Вайнант обратил свое приглашение и к Бекетову, русские поехали.
Домашний кабинет американца, в котором Тарасов бывал и прежде, не очень-то отражал натуру его хозяина, который, на взгляд русского, не переоценивал в жизни человека роли вещей, даже красивых, и не давал им себя гипнотизировать. Очевидно памятуя, что человек, ставший послом, уже перестает быть самим собой и даже своим домашним кабинетом – его обстановкой, его атрибутами – призван отразить не столько себя и свои пристрастия, сколько свое положение в этой стране, очевидно памятуя обо всем этом, Вайнант не очень старался ограничить пыл посольских хозяйственников. По крайней мере, кабинет американского посла чуть-чуть деформировал представление о человеке. Кабинет был пышнее, чем должно, настолько пышнее, что можно было подумать: тот, кто его оборудовал, страдал своеобразным дальтонизмом и в обоях, шторах, обивке мебели переложил золота.
Но обилие золота не прибавило послу гордыни, у него был вполне земной вид. Наверно, зеленый шарф, которым была обмотана шея посла, диссонировал с обстановкой кабинета, но зато он соответствовал характеру беседы, неофициальной.

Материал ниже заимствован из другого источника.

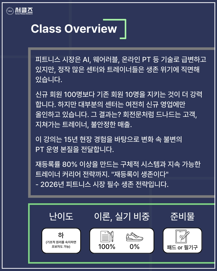 "재등록이 생존이다: 2026 PT 운영의 본질" / 강주한 / 03.28(토) / 09:00~10:30 / COEX E8SALESOLDOUT
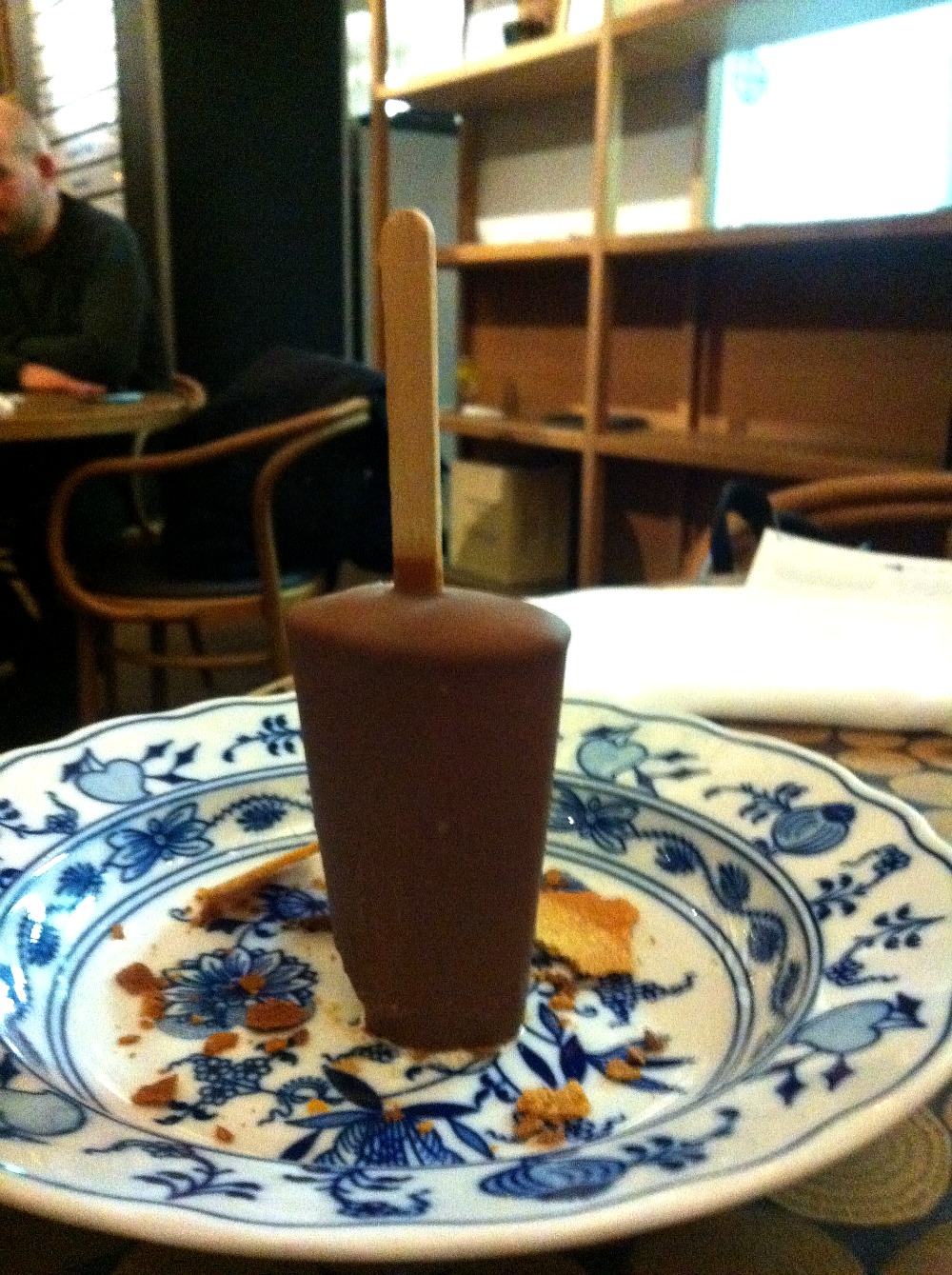 Ještě jednu položku jsem nemohla vynechat. Opět něco, co jsem jinde nikdy neviděla. Teda, na benzínce jo, ale ne v restauraci. Domácí nanuk z tvarohu a zakysané smetany, mléčná čokoláda 105 Kč. Milovník sladkého může namítnout, že by mohl být víc sladký. Ale jinak to byla vtipná a vskutku domácí frajeřinka. PS: normálně ho nakousnutý neservírují, ale já si uvědomila, že není vyfocený, až po prvním soustu :)
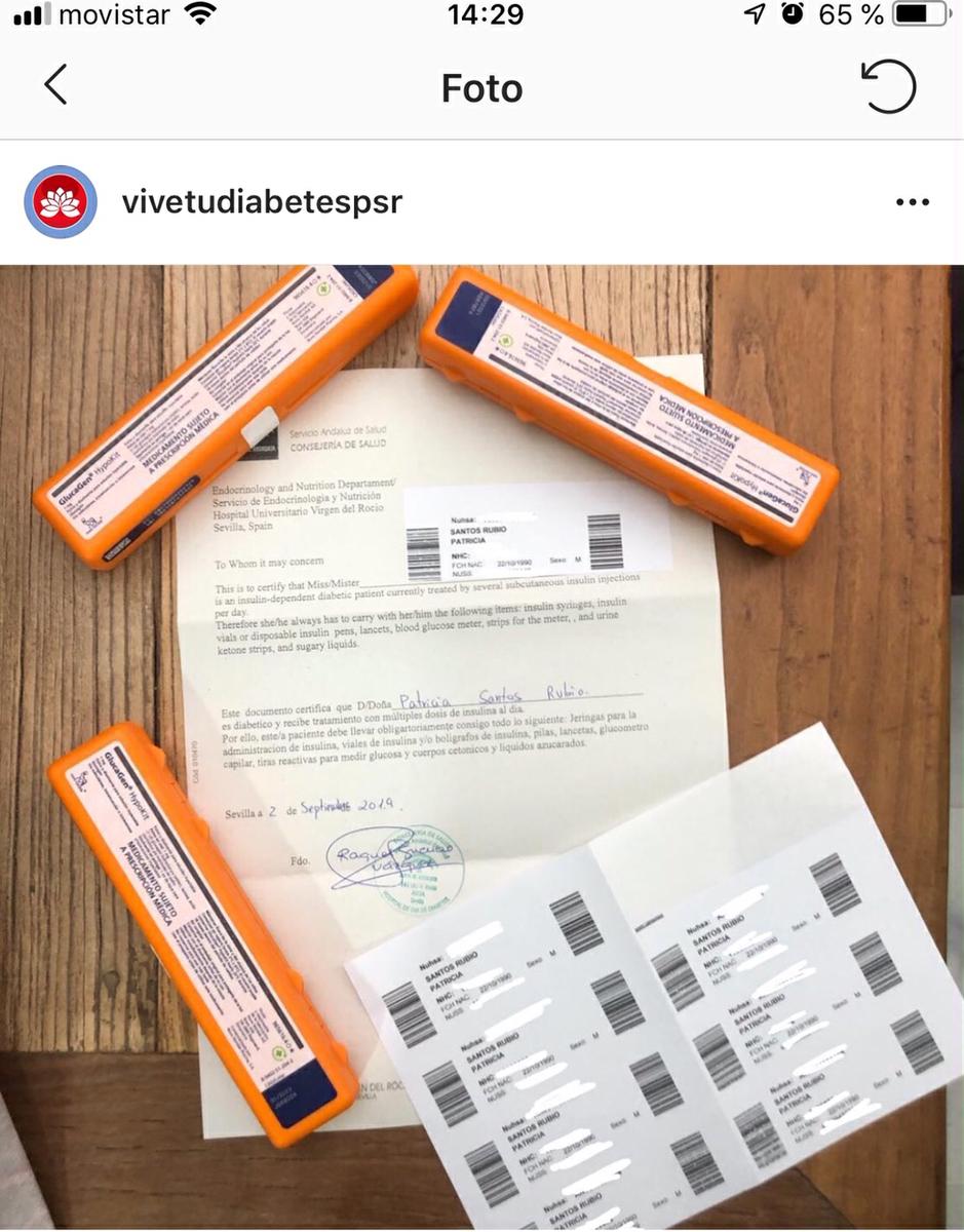 Respecto al informe médico de viaje, lo solicité con diez días de antelación en mi hospital de día. El pasado lunes lo recogí y además del informe en inglés y español, me dieron unas pegatinas (mirad la foto en Instagram @vivetudiabetespsr) para que las pegue en las fotocopias que haga de la carta original. ¿Para qué sirve la carta/informe? Habitualmente nunca lo piden, pero yo recomiendo llevarlo siempre, ya que si nos pasa algo o nos piden justificante de por qué llevamos tanta medicación es un informe oficial de que vivimos con diabetes. Por ejemplo, yo las únicas dos veces que lo he usado fue en NY en el Empire State ya que para subir me dijeron que tenía que dejar todo los líquidos (lo que incluía un zumo que llevaba y las insus) y enseñando mi informe pude subir con todo mi kit y la otra fue en México, donde en Coco Bongo tuve una “pelea” con el encargado porque me prohibía entrar con la insu por si decidía pinchar a alguien (sí… es surrealista) y con mi informe no se pudo negar.
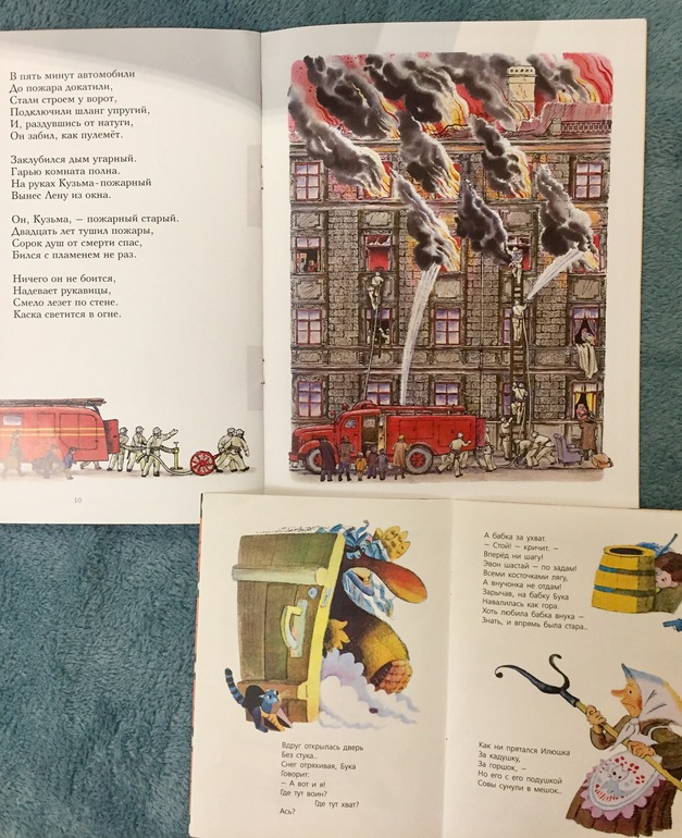 Тема пожарных не отпускает весь год. Тушим все и вся. В 3-года шокировали бабушек у подъезда декламированием полного произведения. Сорвали овации, надо сказать.
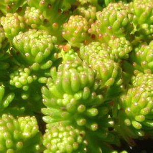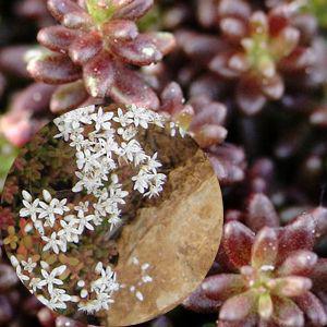 Sédum à tiges rougeâtres, feuilles persistantes en rosettes d’un beau vert pouvant devenir rouge. Très petites fleurs étoilées, blanches en été. Très rustique.
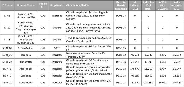 Artículo tercero: Para las obras de ampliación que entraron en operación entre el 1 de enero de 2015 y el 31 de diciembre de 2017, de acuerdo a lo establecido en el Informe Técnico Definitivo de Valorización de las Instalaciones de los Sistemas de Transmisión para el Cuadrienio 2020-2023, aprobado mediante Resolución Exenta N° 118, de 2 de marzo de 2022 y rectificado por la Resolución Exenta N° 199, de 25 de marzo de 2022, ambas de la Comisión, se presenta en la Tabla 5 el V.I. y el A.V.I. de las labores de ampliación de cada obra de ampliación, a ser recuperado en el cuadrienio 2020-2023. El valor de inversión a recuperar se anualizó en cuatro cuotas, utilizando la tasa de descuento, según corresponda, de acuerdo a las disposiciones y lineamientos señalados en el referido Informe Tecnico Definitivo. El A.V.I. a recuperar en el cuadrienio corresponde a la suma del A.V.I. antes mencionado más el A.E.I.R., dando lugar así al A.V.I. ajustado a recuperar en el siguiente cuadrienio.
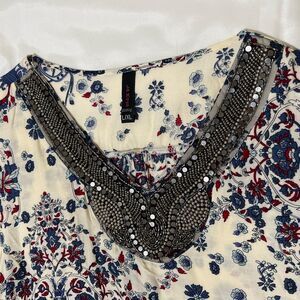 La Moda Tropical Cover Up Caftan Garden Midi Dress Embellishments L / XL
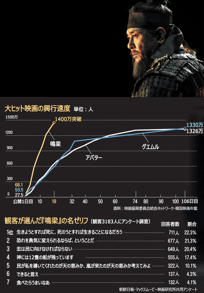 『鳴梁』の興行速度は過去最高の興行映画『アバター』、2位の『グエムル-漢江の怪物-』に比べ2倍以上も速い。『鳴梁』が最多観客動員数を更新したのは公開18日目だが、同じ時点で『アバター』は663万人、『グエムル』は774万人の動員だった。観客1300万人を超えるまでにかかった時間は『鳴梁』が17日間、『アバター』は74日間だ。

Явился гость посла, Вайнант не преувеличил, назвав его колоритным. Он весь был опутан волосами, точно водорослями, и одет в бархат с изысканностью и, пожалуй, расточительностью завидной. Ну, разумеется, он пришел в наше время из века девятнадцатого, и все, что можно было прихватить оттуда, он прихватил, ничего не забыв, ничего не запамятовав. И этот бархатный пиджак с жилетом, и это пенсне на черном шнурочке, и серебряные часы, массивные и тяжелые, и деревянную табакерку с нюхательным табаком, которую он достал, располагаясь в кресле, однако не раскрыл, опасаясь, чтоб его громоподобный чих не встревожил бы гостей посла и не обратил бы их в бегство.

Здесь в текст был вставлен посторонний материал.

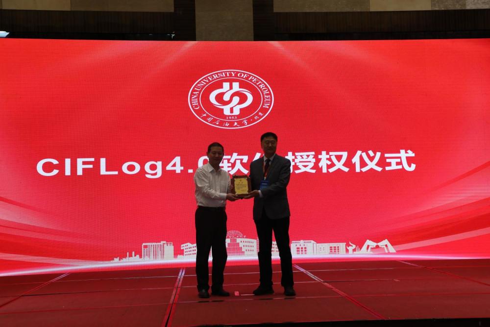 揭牌仪式上,李宁院士代表中国石油勘探开发研究院向中国天天色天天(北京)进行CIFLog4.0软件授权。
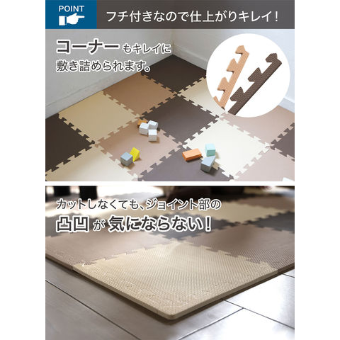 特徴:【フチ付きなのでお部屋の角にもぴったりフィット】フチが付いてるので、お部屋の角や壁際にぴったりフィットします.つまずきにくく切って調整する手間もありません.そのまま敷いてすぐに使えるジョイントマットです.
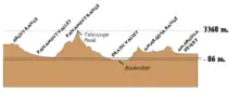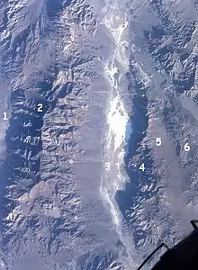 Le parc national de la vallée de la Mort appartient à la région du Grand Bassin qui s'étend à l'est de la Californie et sur la plus grande partie de l'État du Nevada. Le relief est constitué d'une succession presque parallèle de chaînes et de sillons linéaires : dans le parc se succèdent en effet, d'ouest en est, le chaînon Argus, la vallée Panamint, le chaînon Panamint, la vallée de la Mort et le chaînon Amargosa, toutes d'orientation nord-ouest/sud-est. Les secteurs du parc situés en dessous du niveau de la mer représentent une surface totale de 1 500 km2[10]. Le pic Telescope est le point culminant du parc (3 368 mètres). Il se trouve à l'ouest dans la Panamint Range.
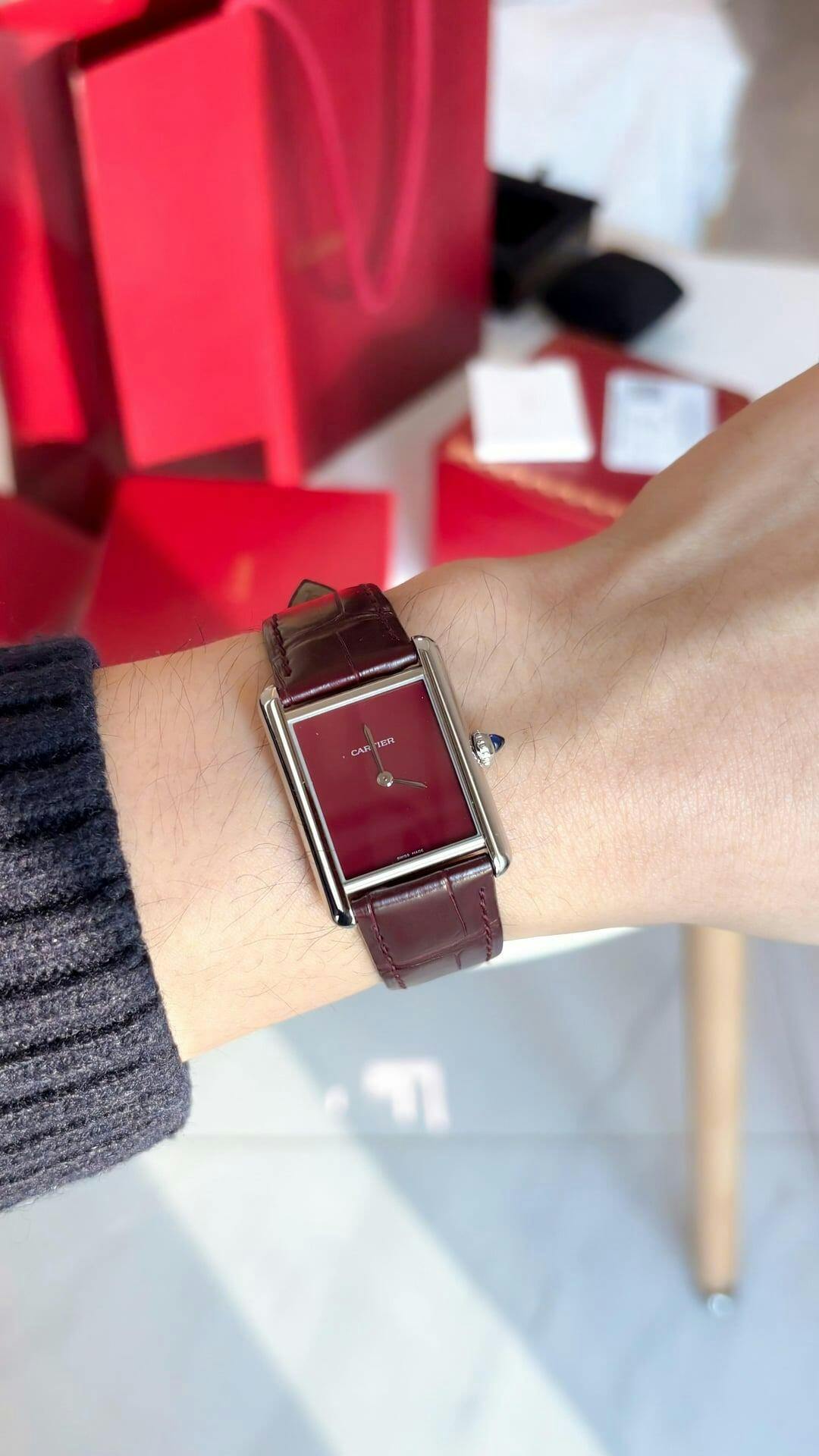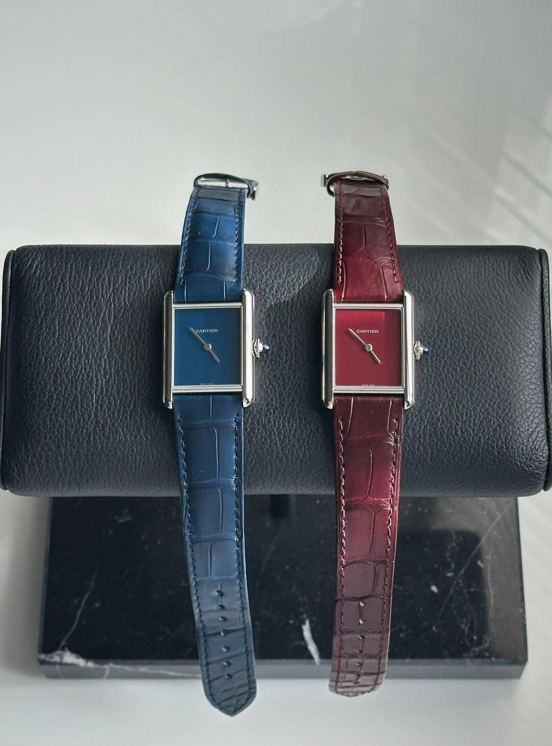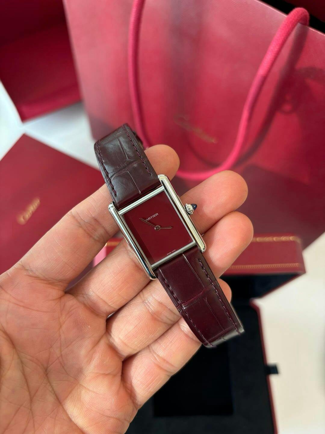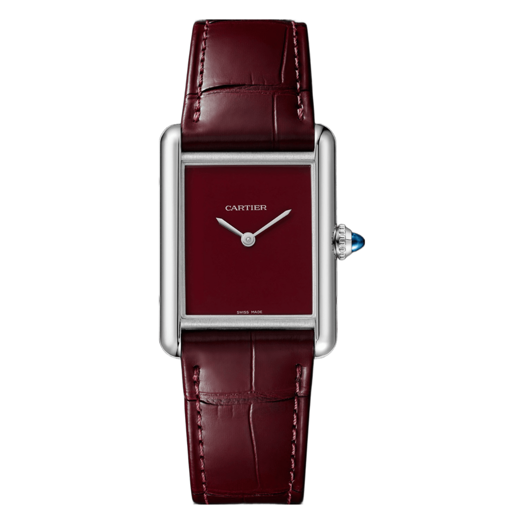 Tank Steel – Red Minimal Dial Leather Strap Type Cartier

Представляя почтенного американца, Вайнант сказал, что мистер Роберт Гиббонс – глава очень известной в Штатах издательской фирмы по выпуску учебников.

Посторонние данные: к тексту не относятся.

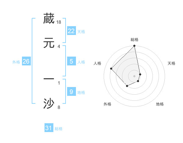 蔵元 一沙さんの総格は31画の5点!
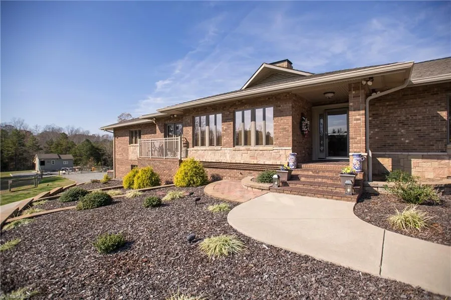 This extremely well maintained large brick ranch sits on over 11 acres with wooded and fenced areas along with a goat barn that is perfect for four legged family members! On the main level there are three very spacious bedrooms each with its own private bathroom, a large eat-in kitchen, and dining room. The master suite includes an office, sitting room, and deck. In the beautifully finished basement, there are two more bedrooms (one currently used as fitness room), kitchen, cozy den with fireplace, and large recreation room currently used as a second office. There is a two car garage on EACH level. The basement garage also houses an amazing workshop area. Two of the bathrooms are handicap accessible, interior walls are insulated for soundproofing, and the house has been pre-wired for a generator. ASSESSED VALUE AS OF 02/01/21 is $942,310.
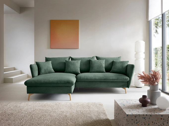 Narożnik MORRE lewostronny sztruks Poso 14 butelkowa zieleń funkcja spania skandynawski
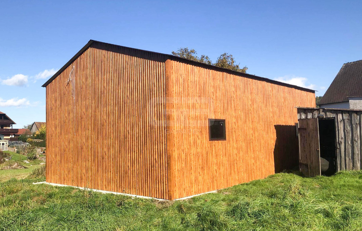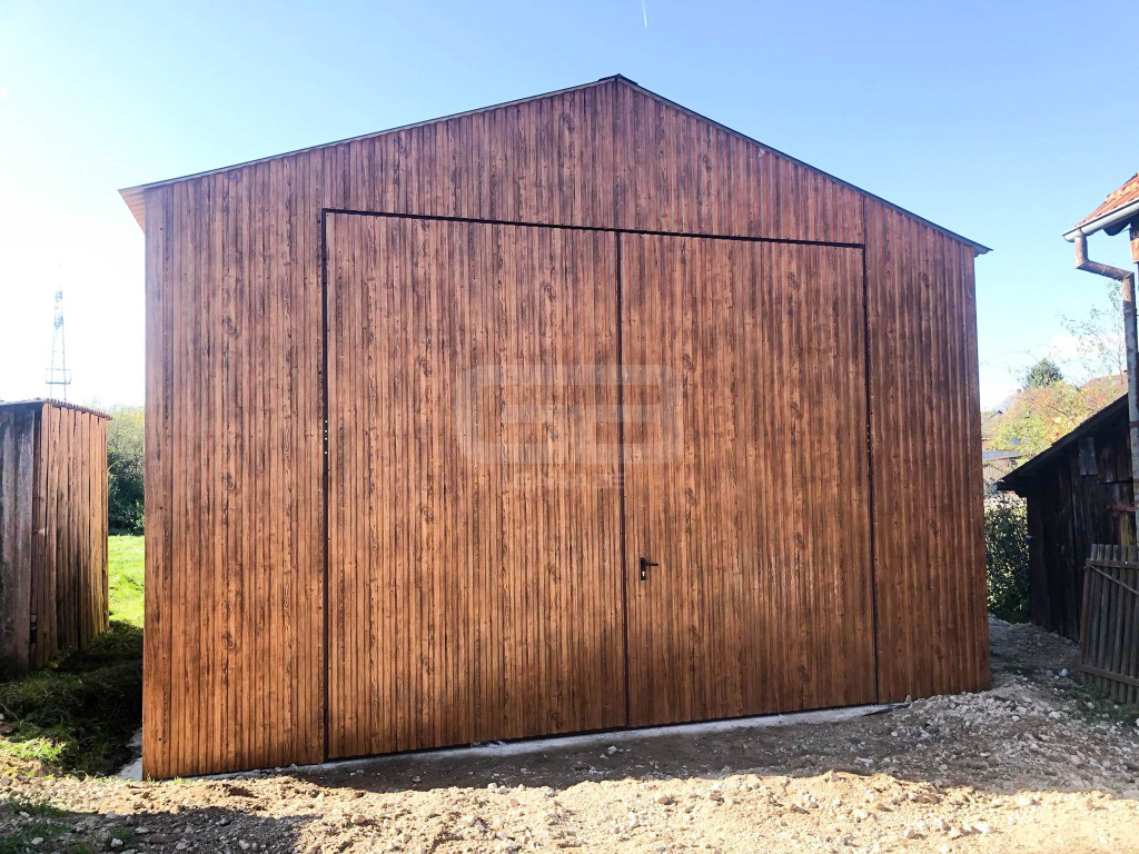 • brama dwuskrzydłowa 300x300 cm, przetłoczenie T7 pion, kolor: jasny orzech

– По гиббонсовским букварям училась грамоте вся Америка, – заметил посол, к удовольствию гостя. – И я учился! – воскликнул посол и привел гостя едва ли не в состояние экстаза. Гиббонс открыл свою табакерку и на радостях пальнул в русских таким громоподобным чихом, что легкое смятение объяло их. Но почтенный издатель привел в действие свою самодеятельную артиллерию преждевременно – самое главное ему еще предстояло сказать. У Гиббонса есть своеобразное хобби: книга историческая. Он ее коллекционирует и с некоторого времени издает. Нет, не только история, опрокинутая в прошлое, но и обращенная в сегодняшний день. Короче, он предлагает Вайнанту написать книгу, которую символически можно было бы назвать «Мост достиг Сан-Франциско». Нет, речь идет не о знаменитом сан-францисском мосте, давно ставшем символом Америки XX века, а о мосте, способном выдержать нагрузку еще большего символа: мост из Женевы тридцатых годов, к которой, как известно, имел отношение хозяин дома, в Сан-Франциско дня нынешнего, ожидающий делегатов международного форума.
– Самое трудное в наших отношениях возникает сейчас, – заговорил Вайнант, улучив минуту. – Именно сейчас мы подступим к этому пределу, – он говорил с несвойственными ему паузами, он цедил слова – разговор с русскими, как его задумал американец, возникал сию минуту. – Труднее, чем все, что мы знали до сих пор… Простите, но я решусь сказать и такое: труднее, чем победа над Гитлером, хотя труднее этого ничего не может быть на свете… – Он припас свое вступление, наверно, в тот самый момент, когда русские согласились ехать, в нем чувствовался план. – Мы даже и не предполагаем, как действен может быть вот этот форум, который мы соорудим в Сан-Франциско, – он взглянул на гостей, точно примеряясь, проникли они в его замысел или нет. – Я тут понимаю немного – Лига Наций набирала силу при мне, как, впрочем, потерпела катастрофу тоже при мне… Не хочу быть голословным, но могу сказать, что катастрофа эта учит…
– Чему, господин Вайнант? – Импровизация, к которой обратился посол, была не праздной, импровизируя, он старался легализовать содержание книги. Тарасов полагал, что следует поощрить американца.
– Я выражу мое мнение, только мое, но оно подсказано тем большим и, простите меня, горьким, что я испытал в Женеве…
– Да, господин Вайнант… – произнес Тарасов, его немало увлекал предстоящий разговор – он, этот разговор, был интересен и в связи с книгой Вайнанта и, пожалуй, независимо от нее. – Да, да, господин посол…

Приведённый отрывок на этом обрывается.